THE TASK
The answer must be the full listing, word for word, with no pictures in it.

EXERCISE DATA
__________

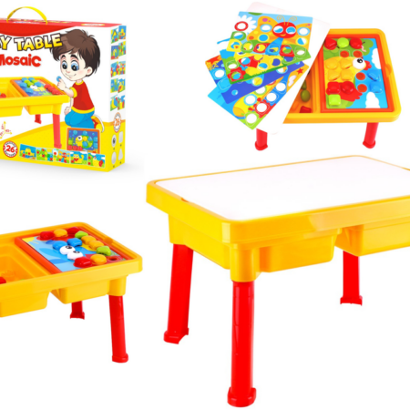 Stolik 2w1 Edukacyjny Układanka Mozaika Guzikowa Zabawka 2 w 1 to idealny przedmiot do zabaw i pobudzenia kreatywności. Dzieci na pewno zainteresują się to zabawką ze względu na różnorodność kolorów, możliwość rozwoju wyobraźni oraz dużą liczbę elementów. Stolik jest funkcjonalny i stabilny o wysokości 27 cm, co pozwoli dzieciom na zabawę na dywanie. Całość stolika podzielona jest na…
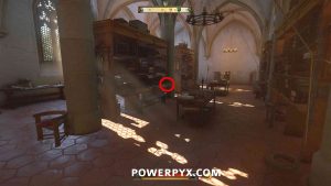 从修道院南侧走廊的大门进入图书馆。你需要拿起一本名为“玫瑰园”。从进入图书馆的地方稍微向左转,可以看到两排书架,中间有小桌子。书在左边第一个书架上,在书架下部的小木板上(不是从书架里面抢到的)。
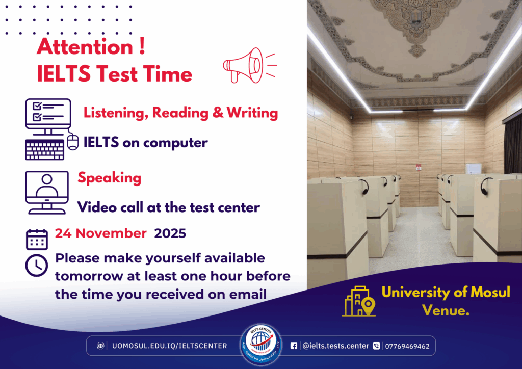 اكتمال اختبار الآيلتس (IELTS) في جامعة الموصل – 24 تشرين الثاني 2025
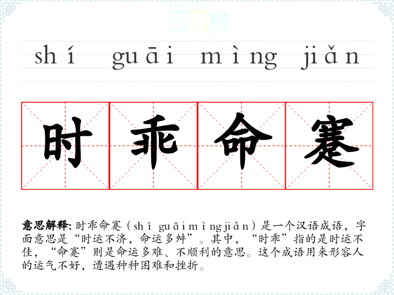 时乖命蹇(shí guāi mìng jiǎn)是一个汉语成语,字面意思是“时运不济,命运多舛”。其中,“时乖”指的是时运不佳,“命蹇”则是命运多难、不顺利的意思。这个成语用来形容人的运气不好,遭遇种种困难和挫折。

__________

COMPLETED EXERCISE
 Stolik 2w1 Edukacyjny Układanka Mozaika Guzikowa Zabawka 2 w 1 to idealny przedmiot do zabaw i pobudzenia kreatywności. Dzieci na pewno zainteresują się to zabawką ze względu na różnorodność kolorów, możliwość rozwoju wyobraźni oraz dużą liczbę elementów. Stolik jest funkcjonalny i stabilny o wysokości 27 cm, co pozwoli dzieciom na zabawę na dywanie. Całość stolika podzielona jest na…
 从修道院南侧走廊的大门进入图书馆。你需要拿起一本名为“玫瑰园”。从进入图书馆的地方稍微向左转,可以看到两排书架,中间有小桌子。书在左边第一个书架上,在书架下部的小木板上(不是从书架里面抢到的)。
 اكتمال اختبار الآيلتس (IELTS) في جامعة الموصل – 24 تشرين الثاني 2025
 时乖命蹇(shí guāi mìng jiǎn)是一个汉语成语,字面意思是“时运不济,命运多舛”。其中,“时乖”指的是时运不佳,“命蹇”则是命运多难、不顺利的意思。这个成语用来形容人的运气不好,遭遇种种困难和挫折。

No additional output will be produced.